Scientific literature indicates that parents' financial, psychological and physical well-being is enhanced by marriage and that children benefit from being raised by two parents within a legally recognized union (either a mixed-sex or same-sex union). As a result, professional scientific associations have argued for same-sex marriage to be legally recognized as it will be beneficial to the children of same-sex parents or carers.

Scientific research has been generally consistent in showing that lesbian and gay parents are as fit and capable as heterosexual parents, and their children are as psychologically healthy and well-adjusted as children reared by heterosexual parents. According to scientific literature reviews, there is no evidence to the contrary.

Compared to heterosexual couples, same-sex couples have a greater need for adoption or assisted reproductive technology to become parents. Lesbian couples often use artificial insemination to achieve pregnancy, and reciprocal in vitro fertilization (where one woman provides the egg and the other gestates the child) is becoming more popular in the 2020s, although many couples cannot afford it. Surrogacy is an option for wealthier gay male couples, but the cost is prohibitive. Other same-sex couples adopt children or raise the children from earlier opposite-sex relationships.

====Adoption====

Legal status of adoption by same-sex couples around the world:

All states that allow same-sex marriage also allow the joint adoption of children by those couples with the exception of Ecuador and a third of states in Mexico, though such restrictions have been ruled unconstitutional in Mexico. In addition, Bolivia, Croatia and Israel, which do not recognize same-sex marriage, nonetheless permit joint adoption by same-sex couples. Some additional states do not recognize same-sex marriage but allow stepchild adoption by couples in civil unions, namely the Czech Republic and San Marino.

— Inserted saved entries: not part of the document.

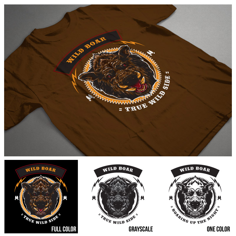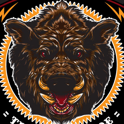 Wild Boar T shirt Illustration "Biker Patches Animals Series" An illustration of an angry Boar head and some ornaments. Suitable for your biker community, clothing line store, or event. Easy to replace the text and colors. ZIP Feautures 3 Folder Full Colors version, Gray Colors Version and 1 Color version Each folder contain 1 EPS 10 1 Ai 1 PSD Size 16'x24' CMYK Color mode Layered Editable text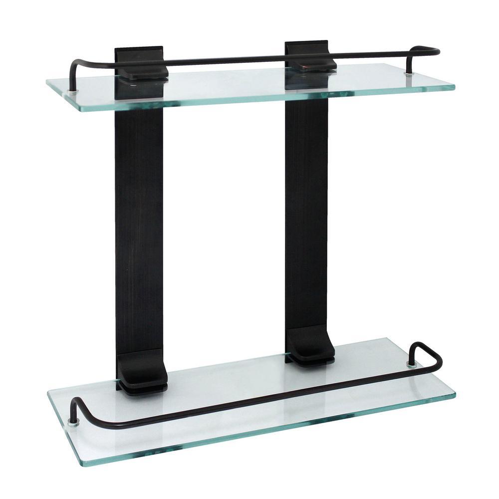 • 13.75 in. W Double Glass Wall Shelf with Pre-Installed Rails in Rubbed Bronze is the perfect solution for your style and your home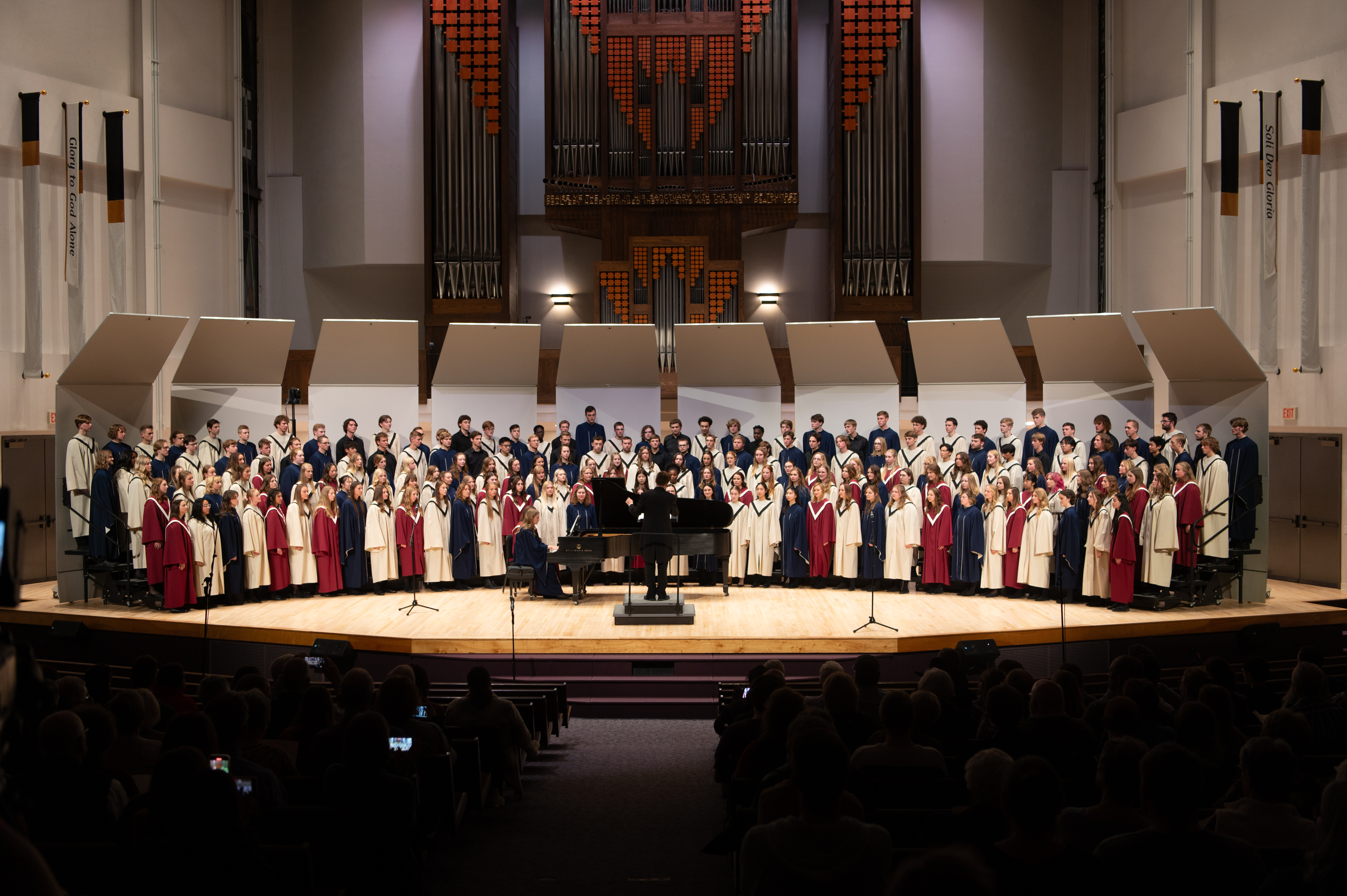 The evening continues with performances by four choral ensembles—Bella Voce, Canons of Dordt, Chorale, and Concert Choir—conducted by Dr. Carrie Groenewold, Tim Van Voorst, and Dr. Ryan Smit. These performances will focus on themes of joy, peace, praise, and community.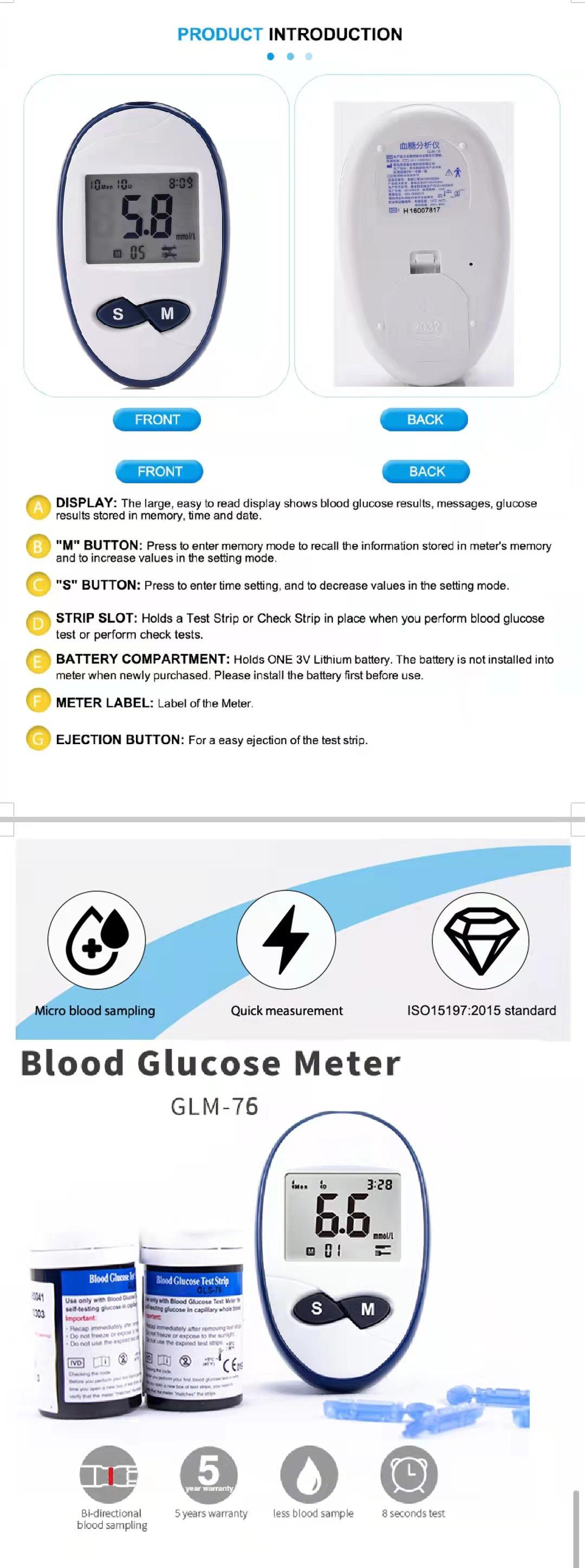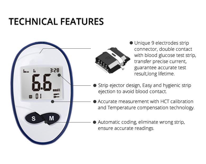 Medidor de Glucosa en Sangre Inglés Transfronterizo Totalmente Automático de Alta Precisión Tiras Reactivas para Medidor de Glucosa en Sangre Inglés
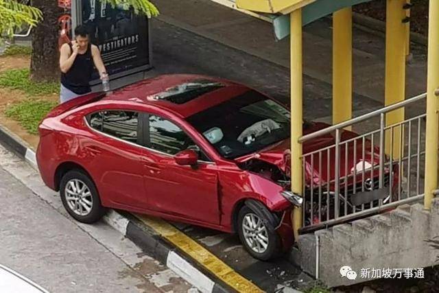 就在上周五(1月26日)清晨,一辆红色马自达汽车突然像失控了一样,撞进了人行道!接着又冲上了裕廊东中路靠近第134座组屋旁的行人天桥楼梯口。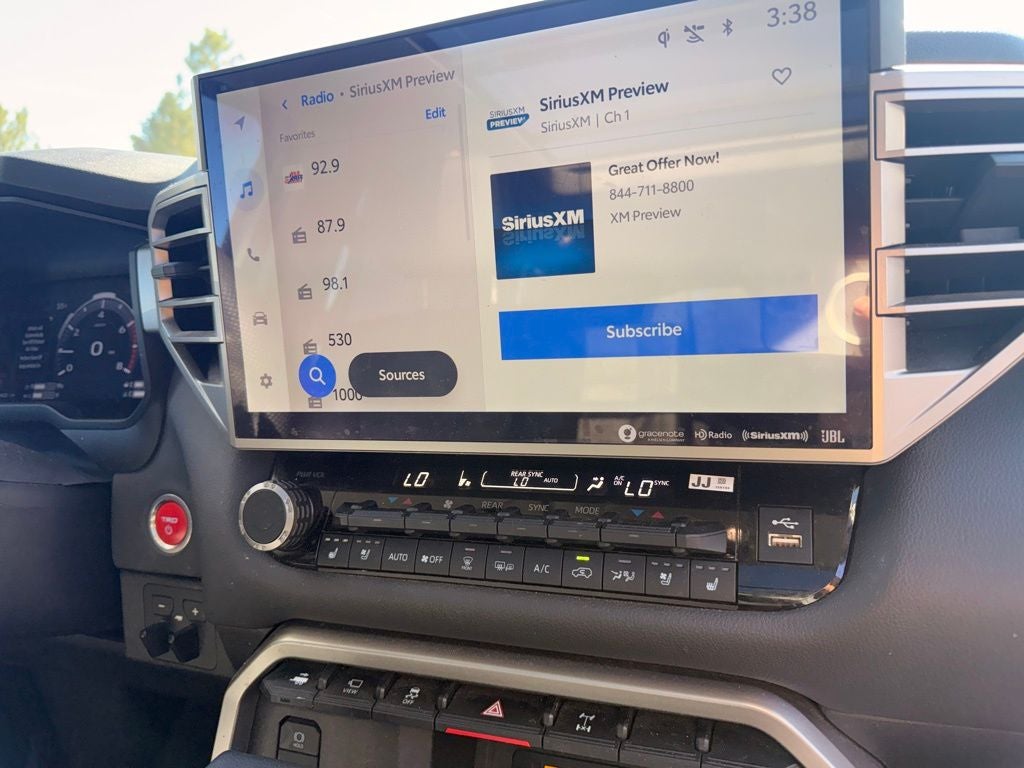 Inside, you'll find luxurious SofTex-trimmed seating, a spacious and versatile 3-row layout, and a host of advanced technologies. The 14-inch touchscreen display puts navigation, connectivity, and vehicle controls at your fingertips. Heated and ventilated front seats, a heated steering wheel, and a power liftgate add to the Sequoia's premium feel and convenience.

===Transgender and intersex people===

The legal status of same-sex marriage may have implications for the marriages of couples in which one or both parties are transgender, depending on how sex is defined within a jurisdiction. Transgender and intersex individuals may be prohibited from marrying partners of the "opposite" sex or permitted to marry partners of the "same" sex due to legal distinctions. In any legal jurisdiction where marriages are defined without distinction of a requirement of a male and female, these complications do not occur. In addition, some legal jurisdictions recognize a legal and official change of gender, which would allow a transgender male or female to be legally married in accordance with an adopted gender identity.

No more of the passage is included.